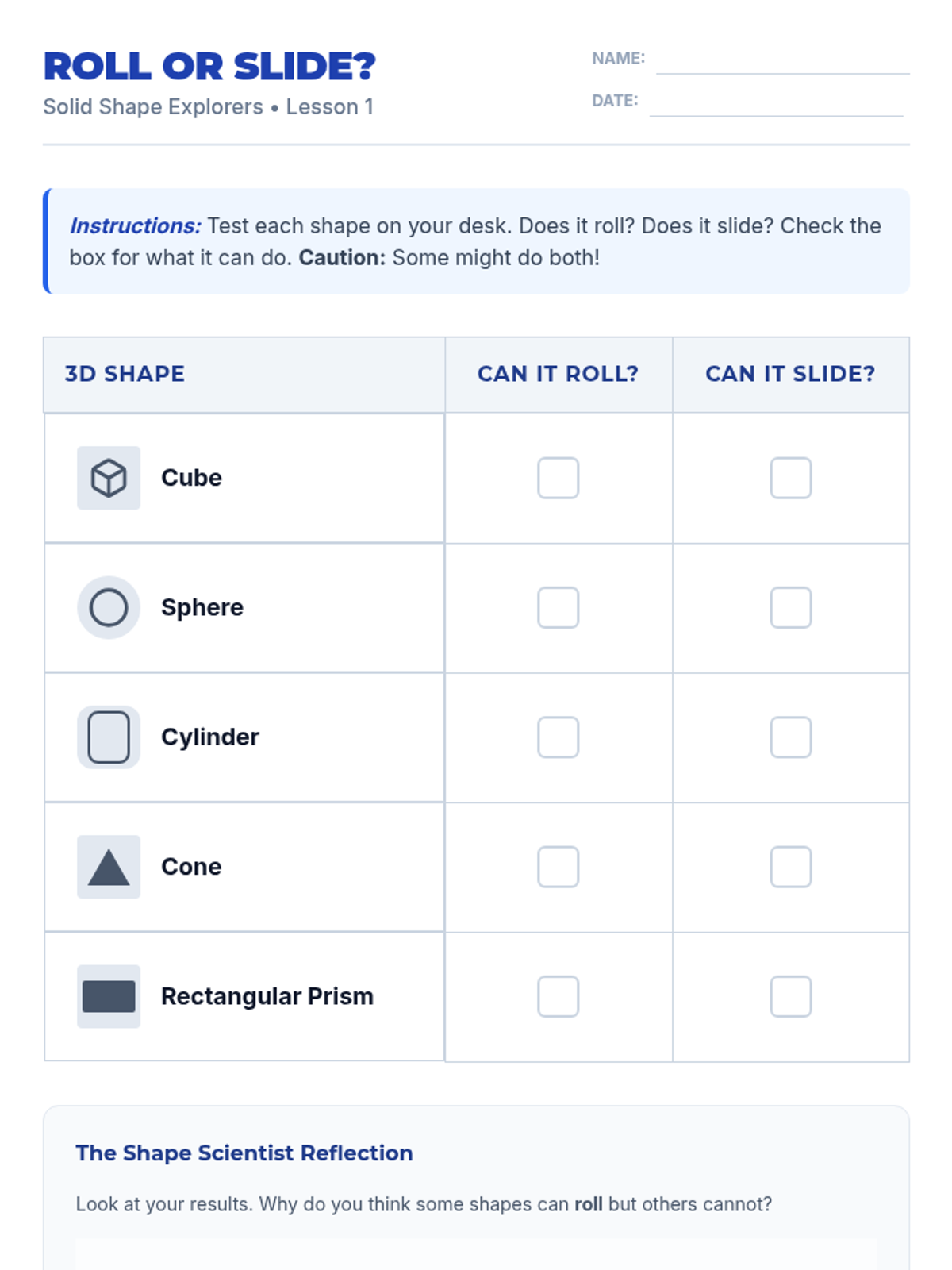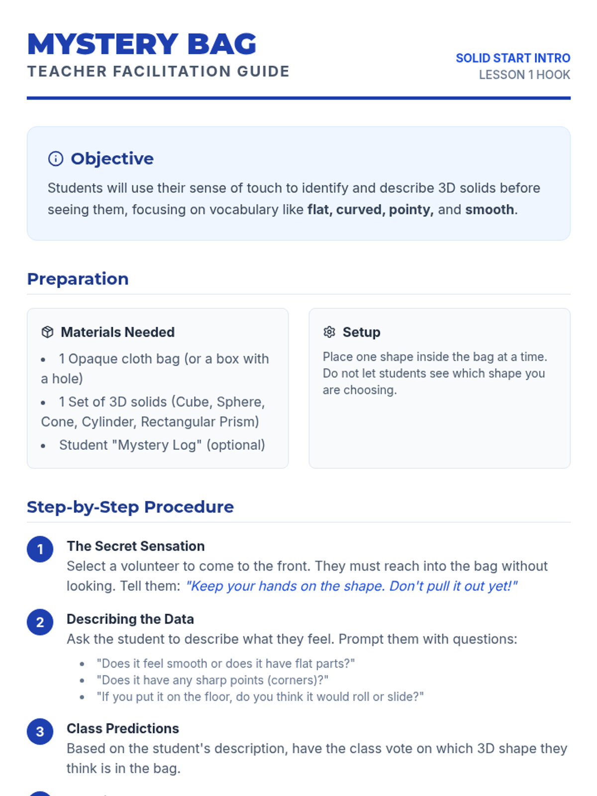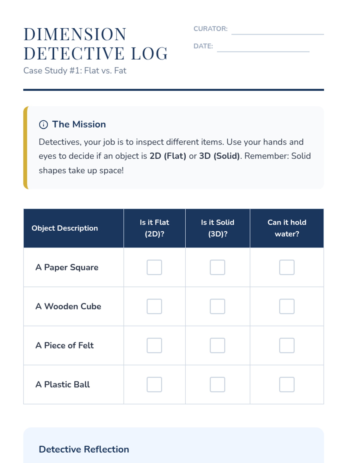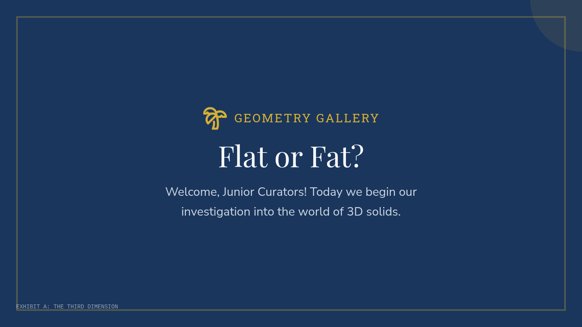 A 2nd-grade geometry unit where students act as museum curators to explore the properties, behaviors, and real-world applications of 3D solids. Students progress from distinguishing 2D from 3D to analyzing complex attributes and curating their own 'Geometry Museum'.
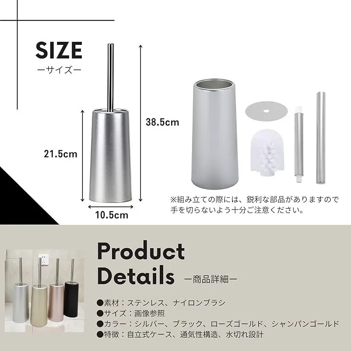 「商品詳細」 素材:ステンレス、ナイロンブラシ サイズ:画像参照 カラー:シルバー、ブラック、ローズゴールド、シャンパンゴールド 特徴:自立式ケース、通気性構造、水切れ設計、コンパクト収納、省スペース設置 *組み立ての際には、鋭利な部品がありますので手を切らないよう十分ご注意ください。
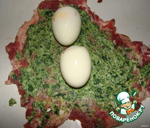 Рецепт «Мясной рулет со шпинатом и яйцом»:
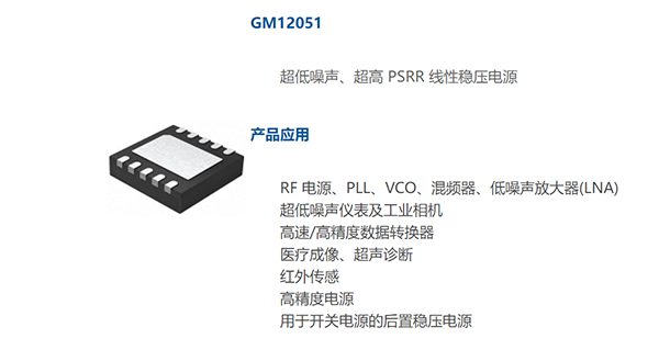 GM12051 是一款高性能低壓差線性穩(wěn)壓電源,其采用的超低噪聲和超高電源抑制比(PSRR)架構(gòu)對噪聲敏感的信號采集和無線通信應(yīng)用供電
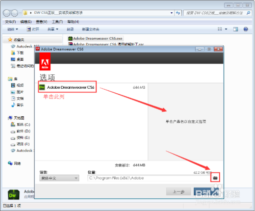 进入Dreamweaver CS6安装路径选择和Dreamweaver CS6插件选择界面,Dreamweaver CS6默认安装在C盘的。(路径可更改)具体的看下图,如下图所示。
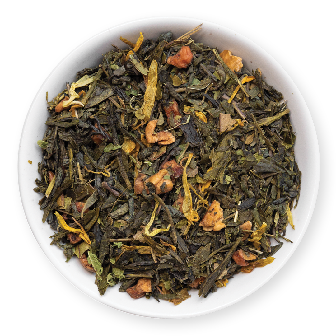 Green tea, lemon verbena, ginger, lemon myrtle, apple, calendula, natural flavours.
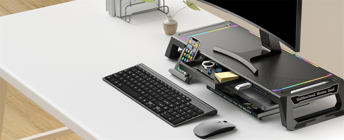 3. Monikäyttöinen säilytys: Sisäänrakennettu puhelinteline ja tilavat säilytyslaatikot pitävät työpöydän järjestyksessä.

DESCRIPTION OF THE TASK: Begin the copy at the line containing "рулет со шпинатом" and end it at the final line of the material above, reproducing each line exactly and omitting pictures.

REPLY TO THE TASK:
 Рецепт «Мясной рулет со шпинатом и яйцом»:
 GM12051 是一款高性能低壓差線性穩(wěn)壓電源,其采用的超低噪聲和超高電源抑制比(PSRR)架構(gòu)對噪聲敏感的信號采集和無線通信應(yīng)用供電
 进入Dreamweaver CS6安装路径选择和Dreamweaver CS6插件选择界面,Dreamweaver CS6默认安装在C盘的。(路径可更改)具体的看下图,如下图所示。
 Green tea, lemon verbena, ginger, lemon myrtle, apple, calendula, natural flavours.
 3. Monikäyttöinen säilytys: Sisäänrakennettu puhelinteline ja tilavat säilytyslaatikot pitävät työpöydän järjestyksessä.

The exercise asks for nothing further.